*** Opening of The records ***

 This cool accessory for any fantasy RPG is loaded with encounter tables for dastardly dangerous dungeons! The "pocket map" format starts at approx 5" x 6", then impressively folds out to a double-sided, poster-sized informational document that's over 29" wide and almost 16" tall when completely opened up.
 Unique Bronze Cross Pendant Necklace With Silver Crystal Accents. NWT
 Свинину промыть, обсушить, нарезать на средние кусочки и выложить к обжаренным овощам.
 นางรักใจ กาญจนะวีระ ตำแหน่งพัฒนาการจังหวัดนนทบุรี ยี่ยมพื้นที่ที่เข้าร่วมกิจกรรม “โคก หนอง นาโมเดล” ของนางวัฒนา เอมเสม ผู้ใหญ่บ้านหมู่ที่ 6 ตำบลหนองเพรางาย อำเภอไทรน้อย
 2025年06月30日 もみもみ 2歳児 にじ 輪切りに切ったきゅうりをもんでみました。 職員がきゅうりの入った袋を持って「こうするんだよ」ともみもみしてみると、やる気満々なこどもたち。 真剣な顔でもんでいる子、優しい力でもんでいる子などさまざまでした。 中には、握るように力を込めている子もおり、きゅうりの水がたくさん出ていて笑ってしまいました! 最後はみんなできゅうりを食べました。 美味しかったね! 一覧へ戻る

*** Close of The records ***
*** Opening of The records ***

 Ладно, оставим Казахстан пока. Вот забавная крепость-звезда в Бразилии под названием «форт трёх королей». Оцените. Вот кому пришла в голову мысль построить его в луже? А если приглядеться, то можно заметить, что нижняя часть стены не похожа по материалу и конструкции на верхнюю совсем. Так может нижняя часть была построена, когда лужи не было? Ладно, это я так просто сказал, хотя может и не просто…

*** Close of The records ***

> [Exercise details] Going back to the entries above, set down exactly the lines that begin at the one with "Свинину промыть, обсушить, нарезать" and end at the one with "2025年06月30日 もみもみ 2歳児", both included, and nothing else.

> [Response]
 Свинину промыть, обсушить, нарезать на средние кусочки и выложить к обжаренным овощам.
 นางรักใจ กาญจนะวีระ ตำแหน่งพัฒนาการจังหวัดนนทบุรี ยี่ยมพื้นที่ที่เข้าร่วมกิจกรรม “โคก หนอง นาโมเดล” ของนางวัฒนา เอมเสม ผู้ใหญ่บ้านหมู่ที่ 6 ตำบลหนองเพรางาย อำเภอไทรน้อย
 2025年06月30日 もみもみ 2歳児 にじ 輪切りに切ったきゅうりをもんでみました。 職員がきゅうりの入った袋を持って「こうするんだよ」ともみもみしてみると、やる気満々なこどもたち。 真剣な顔でもんでいる子、優しい力でもんでいる子などさまざまでした。 中には、握るように力を込めている子もおり、きゅうりの水がたくさん出ていて笑ってしまいました! 最後はみんなできゅうりを食べました。 美味しかったね! 一覧へ戻る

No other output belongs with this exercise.